-- What you have to do --
Transcribe the records that follow. Keep every word exactly, and drop the pictures.

Source data:
========

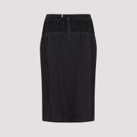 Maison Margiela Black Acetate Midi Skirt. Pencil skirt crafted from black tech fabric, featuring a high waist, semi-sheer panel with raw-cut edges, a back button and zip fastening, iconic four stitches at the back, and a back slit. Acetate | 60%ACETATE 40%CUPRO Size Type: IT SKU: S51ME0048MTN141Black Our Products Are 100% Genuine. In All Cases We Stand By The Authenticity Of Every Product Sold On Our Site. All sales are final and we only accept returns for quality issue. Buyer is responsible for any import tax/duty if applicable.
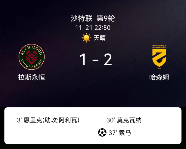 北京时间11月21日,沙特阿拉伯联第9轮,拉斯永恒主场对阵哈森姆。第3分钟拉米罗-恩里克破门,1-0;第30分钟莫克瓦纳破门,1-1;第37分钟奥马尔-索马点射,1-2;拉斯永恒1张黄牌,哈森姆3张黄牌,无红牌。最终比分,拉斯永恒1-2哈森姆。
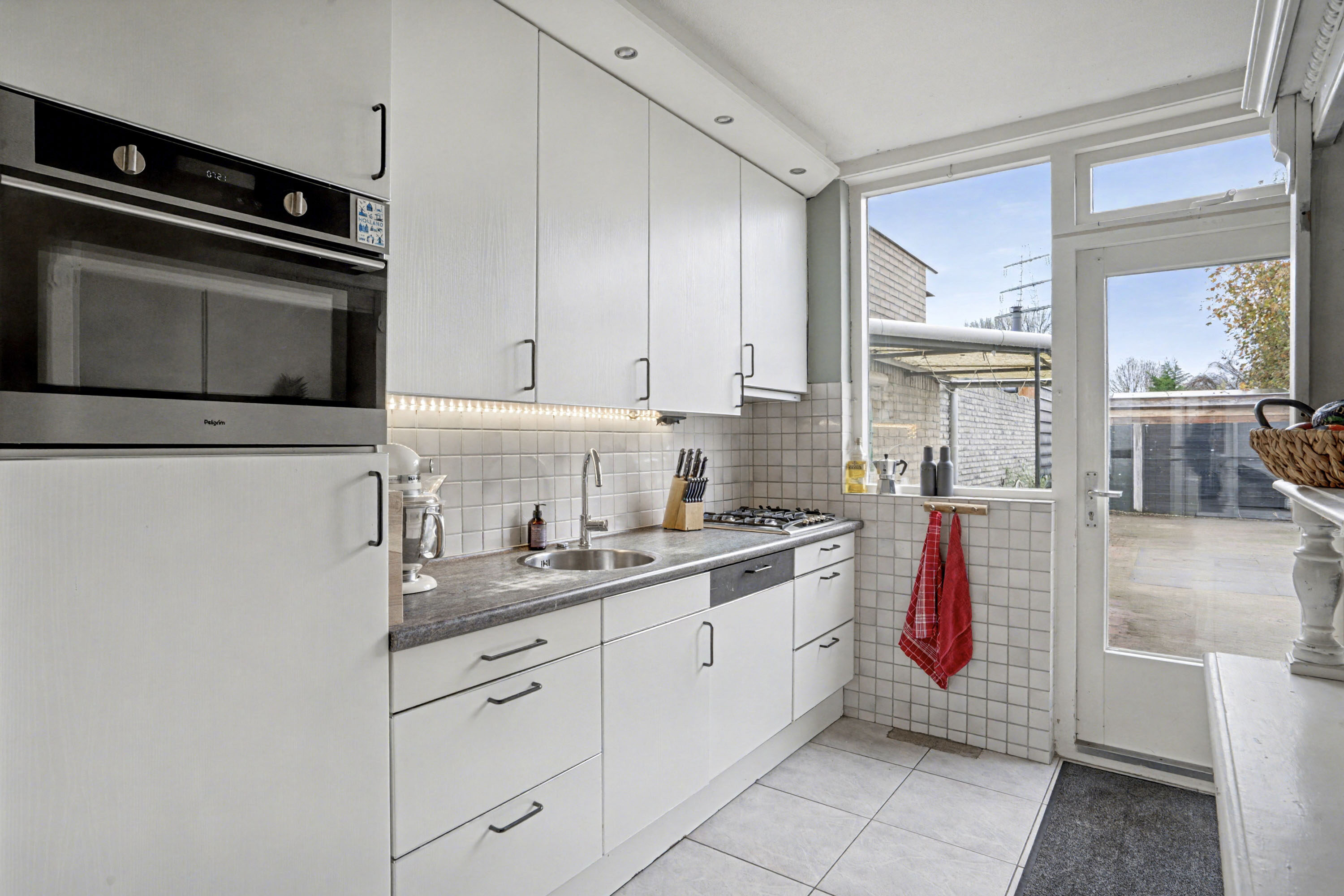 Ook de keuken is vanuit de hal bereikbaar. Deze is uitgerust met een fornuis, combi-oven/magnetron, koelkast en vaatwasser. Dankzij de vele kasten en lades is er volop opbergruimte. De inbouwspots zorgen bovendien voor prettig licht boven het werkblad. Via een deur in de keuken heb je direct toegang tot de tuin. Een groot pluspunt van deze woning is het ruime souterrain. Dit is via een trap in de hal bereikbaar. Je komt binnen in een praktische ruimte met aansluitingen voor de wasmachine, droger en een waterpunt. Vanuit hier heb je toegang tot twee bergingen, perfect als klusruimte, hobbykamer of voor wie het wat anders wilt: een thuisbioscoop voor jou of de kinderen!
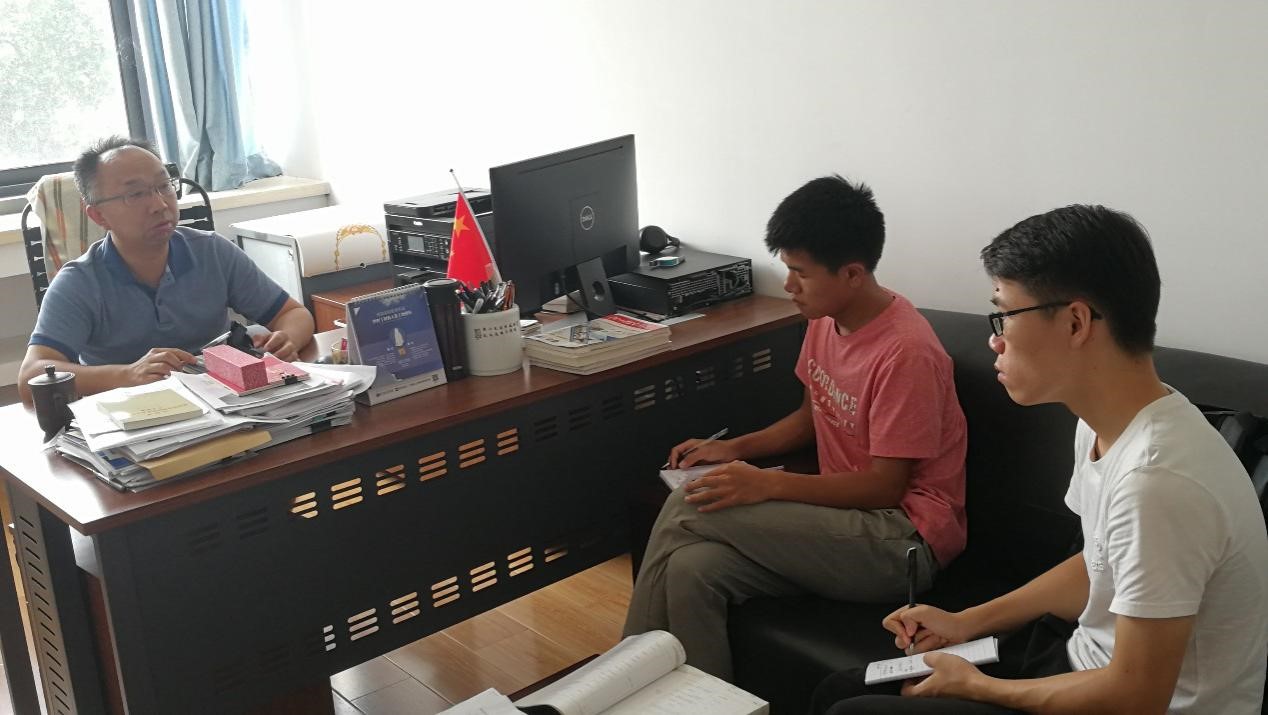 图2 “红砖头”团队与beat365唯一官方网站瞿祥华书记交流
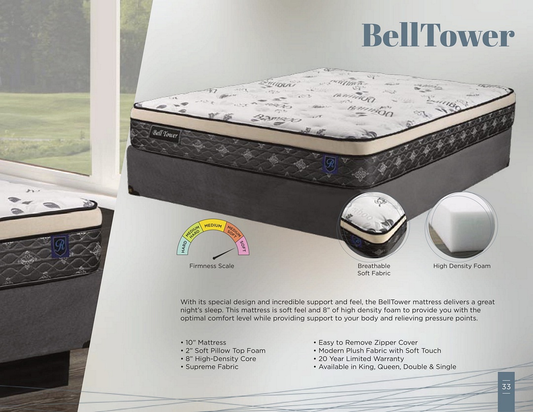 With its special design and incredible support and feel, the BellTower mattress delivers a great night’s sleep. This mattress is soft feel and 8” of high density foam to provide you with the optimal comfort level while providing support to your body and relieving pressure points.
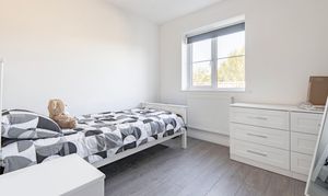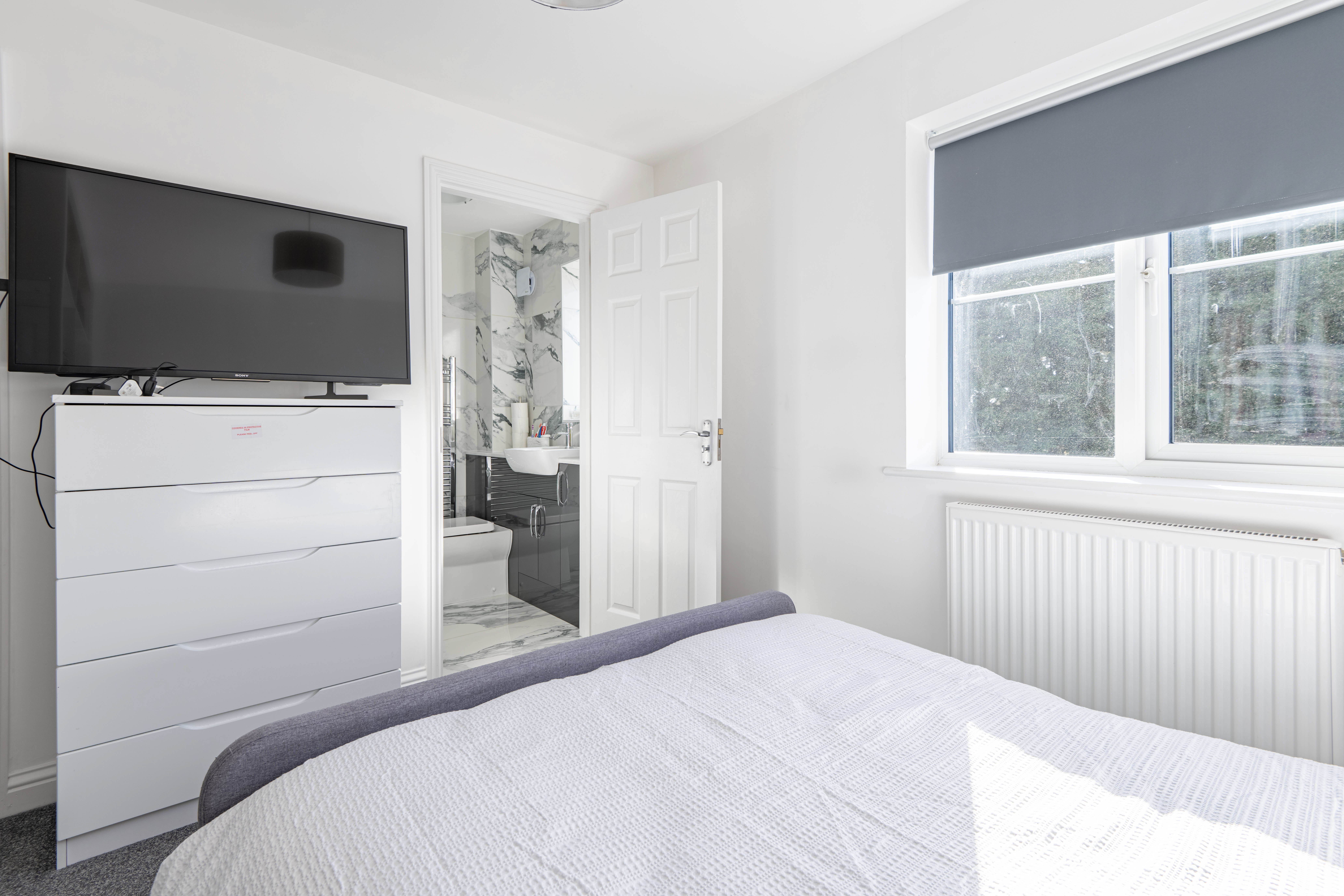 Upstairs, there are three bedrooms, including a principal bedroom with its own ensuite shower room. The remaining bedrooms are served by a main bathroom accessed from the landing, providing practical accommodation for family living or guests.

========

-- Result of this task --
 Maison Margiela Black Acetate Midi Skirt. Pencil skirt crafted from black tech fabric, featuring a high waist, semi-sheer panel with raw-cut edges, a back button and zip fastening, iconic four stitches at the back, and a back slit. Acetate | 60%ACETATE 40%CUPRO Size Type: IT SKU: S51ME0048MTN141Black Our Products Are 100% Genuine. In All Cases We Stand By The Authenticity Of Every Product Sold On Our Site. All sales are final and we only accept returns for quality issue. Buyer is responsible for any import tax/duty if applicable.
 北京时间11月21日,沙特阿拉伯联第9轮,拉斯永恒主场对阵哈森姆。第3分钟拉米罗-恩里克破门,1-0;第30分钟莫克瓦纳破门,1-1;第37分钟奥马尔-索马点射,1-2;拉斯永恒1张黄牌,哈森姆3张黄牌,无红牌。最终比分,拉斯永恒1-2哈森姆。
 Ook de keuken is vanuit de hal bereikbaar. Deze is uitgerust met een fornuis, combi-oven/magnetron, koelkast en vaatwasser. Dankzij de vele kasten en lades is er volop opbergruimte. De inbouwspots zorgen bovendien voor prettig licht boven het werkblad. Via een deur in de keuken heb je direct toegang tot de tuin. Een groot pluspunt van deze woning is het ruime souterrain. Dit is via een trap in de hal bereikbaar. Je komt binnen in een praktische ruimte met aansluitingen voor de wasmachine, droger en een waterpunt. Vanuit hier heb je toegang tot twee bergingen, perfect als klusruimte, hobbykamer of voor wie het wat anders wilt: een thuisbioscoop voor jou of de kinderen!
 图2 “红砖头”团队与beat365唯一官方网站瞿祥华书记交流
 With its special design and incredible support and feel, the BellTower mattress delivers a great night’s sleep. This mattress is soft feel and 8” of high density foam to provide you with the optimal comfort level while providing support to your body and relieving pressure points.
 Upstairs, there are three bedrooms, including a principal bedroom with its own ensuite shower room. The remaining bedrooms are served by a main bathroom accessed from the landing, providing practical accommodation for family living or guests.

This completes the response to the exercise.